一般的なゴミとして捨てることは基本的にできません。 多くの自治体では、モバイルバッテリーは「リチウムイオン電池」として分別回収の対象になっています。
正しい処分方法の流れはこんな感じです(JBRCのガイドラインに基づく)。
- JBRC(一般社団法人JBRC)の回収ボックスを利用する:家電量販店や一部のコンビニエンスストアに設置されています。このボックスに入れれば適切にリサイクルされます。
- 端子部分を絶縁テープなどで覆う:捨てる前にプラス極とマイナス極がショートしないよう、絶縁テープやビニールテープで覆ってください。このひと手間が火災防止にかなり効果的です。
- 自治体のルールを確認する:回収ボックスがない地域では、自治体の「小型家電リサイクル」や「不燃ごみ」のルールに従ってください。自治体によって受け入れ条件が異なるので、必ず事前に確認しましょう。

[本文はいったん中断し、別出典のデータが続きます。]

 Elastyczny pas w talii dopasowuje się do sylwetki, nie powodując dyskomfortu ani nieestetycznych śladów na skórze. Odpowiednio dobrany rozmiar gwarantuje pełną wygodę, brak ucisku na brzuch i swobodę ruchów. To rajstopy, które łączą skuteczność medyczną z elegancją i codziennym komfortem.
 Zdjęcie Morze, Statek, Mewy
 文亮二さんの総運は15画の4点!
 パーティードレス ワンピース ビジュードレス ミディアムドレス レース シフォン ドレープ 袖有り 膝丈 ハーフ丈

「そんなの面倒くさい」と思うかもしれませんが、このひと手間を惜しんで火災を起こすリスクを考えたら、やるしかないですよね。 特にリチウムイオン電池は水に濡れても危険なので、雨水がかかるような場所に放置するのも絶対にNGです。
楽天市場で今買うべきおすすめモバイルバッテリー(安全基準クリア済み)
最後に、ここまでの選び方の基準をクリアしている、楽天市場で購入可能なおすすめ製品を紹介します。いずれもPSE新基準対応で、定格容量も明記された信頼できるメーカーの製品です。
世界的に有名なAnkerのモバイルバッテリー。PSE新基準対応はもちろん、過充電防止などの保護回路も充実。何よりアフターサポートがしっかりしているので、初めてのモバイルバッテリーにも安心して選べます。

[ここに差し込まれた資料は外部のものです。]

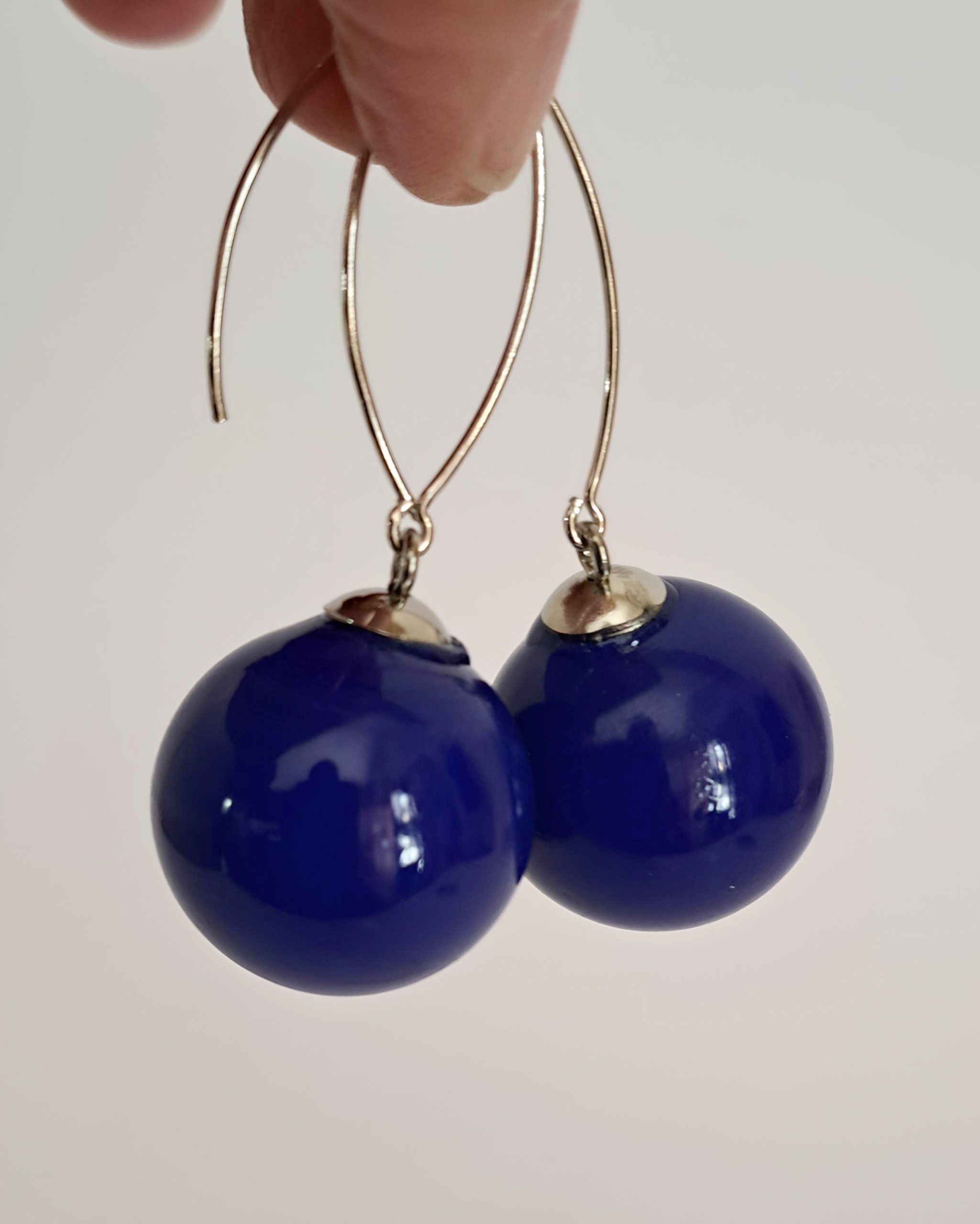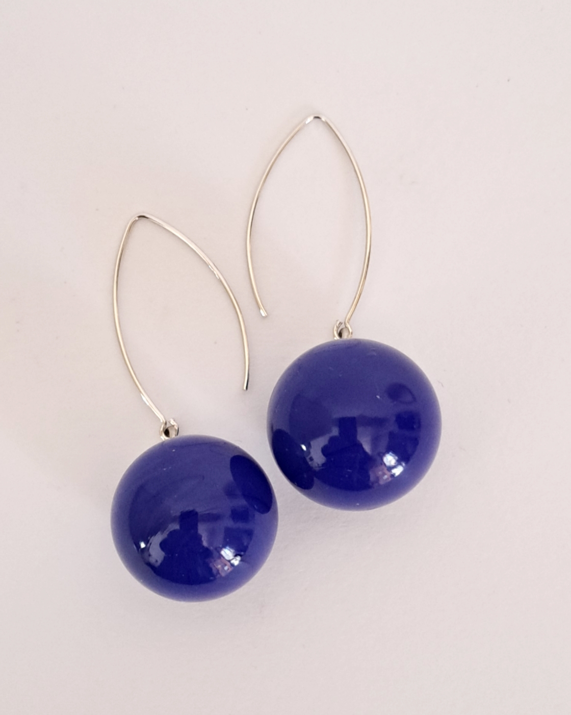 Raffinati orecchini in vetro di Murano  soffiato a bocca con monachella in argento. La tecnica del vetro soffiato rende le perle leggerissime e gli orecchini confortevoli da indossare.

日本の家電メーカーとして長年の実績があるエレコム。製品には定格容量が明確に表示されており、安全性にかなり慎重な姿勢が見えます。日本語のサポート窓口があるのも心強いポイントです。
MOTTERU 準固体モバイルバッテリー MOT-MBSS10002-AM
準固体電池を搭載した最新モデル。従来のリチウムイオン電池より安全性が高いとされ、かつ軽量コンパクト。やや価格は高めですが、「少しでも安全なものを」という人にぴったりです。

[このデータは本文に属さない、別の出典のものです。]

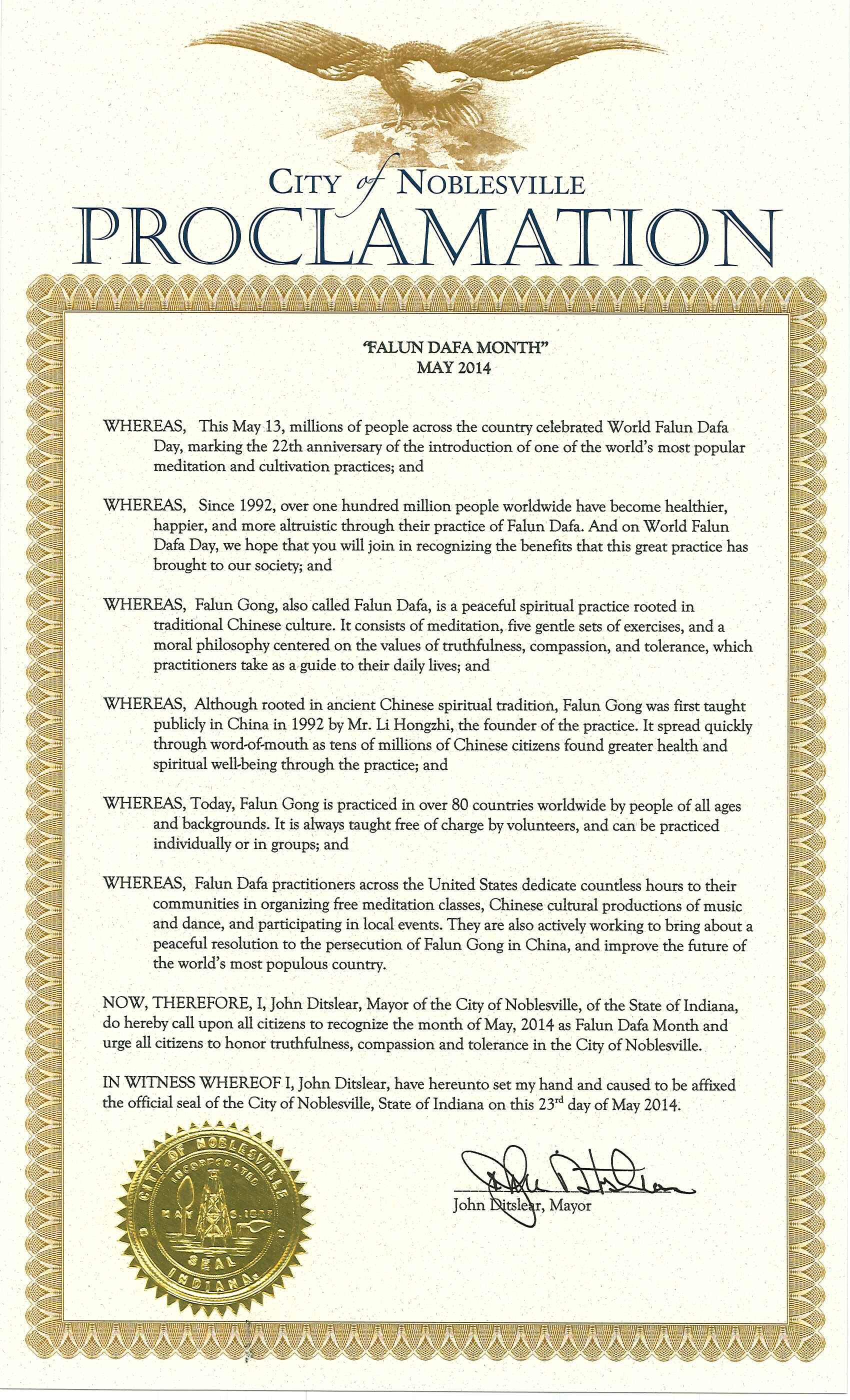 鉴此,我,美国印第安纳州诺贝斯威尔市市长约翰•迪斯理尔,特此宣告二零一四年五月为“法轮大法月”,并呼吁所有市民颂扬真、善、忍。

ちょっと補足すると、これらの製品はあくまで一例です。 楽天市場には他にも多くの優良製品が出品されています。大事なのは、この記事で紹介した「PSE新基準」「定格容量の明記」「保護回路の搭載」という3つのチェックポイントを自分の目で確認すること。この習慣が身につけば、きっと満足のいく一台に出会えるはずです。
モバイルバッテリーは毎日使うものだからこそ、価格だけで選ばず、安全と性能をしっかり見極めてくださいね。